(EXTRACTED INFORMATION)
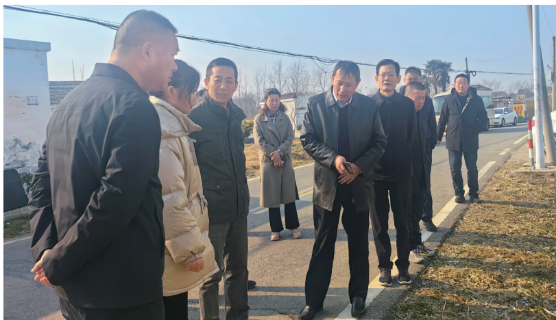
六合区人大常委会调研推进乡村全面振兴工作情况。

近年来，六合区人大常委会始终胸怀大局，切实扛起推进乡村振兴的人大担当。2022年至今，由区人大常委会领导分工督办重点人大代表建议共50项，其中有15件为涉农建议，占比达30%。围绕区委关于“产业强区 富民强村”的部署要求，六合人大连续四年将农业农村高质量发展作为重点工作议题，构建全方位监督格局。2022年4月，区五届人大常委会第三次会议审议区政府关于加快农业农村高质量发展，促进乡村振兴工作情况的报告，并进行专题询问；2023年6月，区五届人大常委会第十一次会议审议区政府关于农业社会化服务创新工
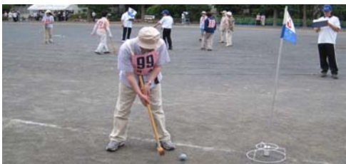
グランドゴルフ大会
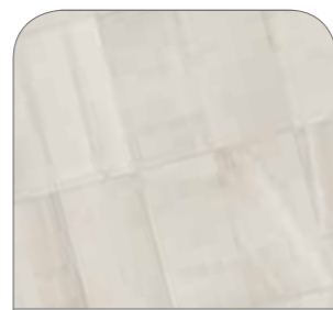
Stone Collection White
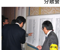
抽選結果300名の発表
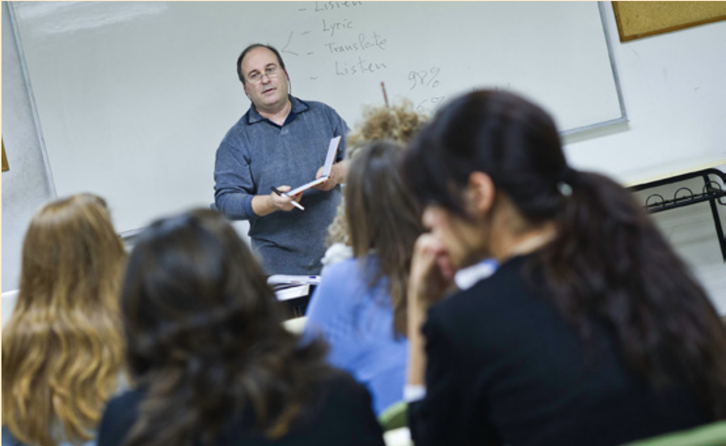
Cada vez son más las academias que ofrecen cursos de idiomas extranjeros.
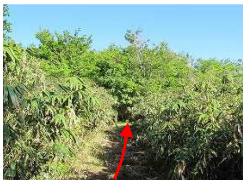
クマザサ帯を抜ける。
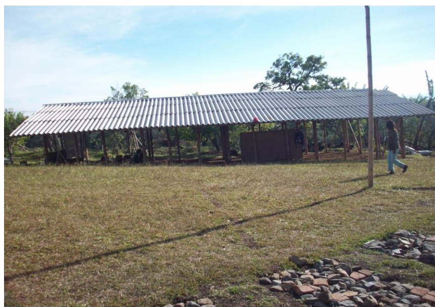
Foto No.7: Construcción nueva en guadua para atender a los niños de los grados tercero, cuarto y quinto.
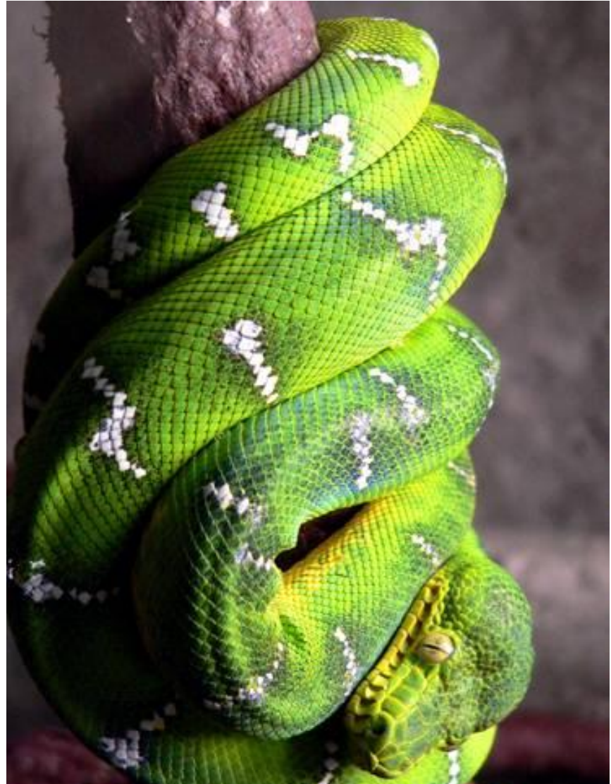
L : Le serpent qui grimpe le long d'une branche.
(End EXTRACTED INFORMATION)
PROBLEM DETAILS
Pictures are to be excluded; the records themselves are to be reproduced exactly.

RESULT
六合区人大常委会调研推进乡村全面振兴工作情况。

近年来，六合区人大常委会始终胸怀大局，切实扛起推进乡村振兴的人大担当。2022年至今，由区人大常委会领导分工督办重点人大代表建议共50项，其中有15件为涉农建议，占比达30%。围绕区委关于“产业强区 富民强村”的部署要求，六合人大连续四年将农业农村高质量发展作为重点工作议题，构建全方位监督格局。2022年4月，区五届人大常委会第三次会议审议区政府关于加快农业农村高质量发展，促进乡村振兴工作情况的报告，并进行专题询问；2023年6月，区五届人大常委会第十一次会议审议区政府关于农业社会化服务创新工
グランドゴルフ大会
Stone Collection White
抽選結果300名の発表
Cada vez son más las academias que ofrecen cursos de idiomas extranjeros.
クマザサ帯を抜ける。
Foto No.7: Construcción nueva en guadua para atender a los niños de los grados tercero, cuarto y quinto.
L : Le serpent qui grimpe le long d'une branche.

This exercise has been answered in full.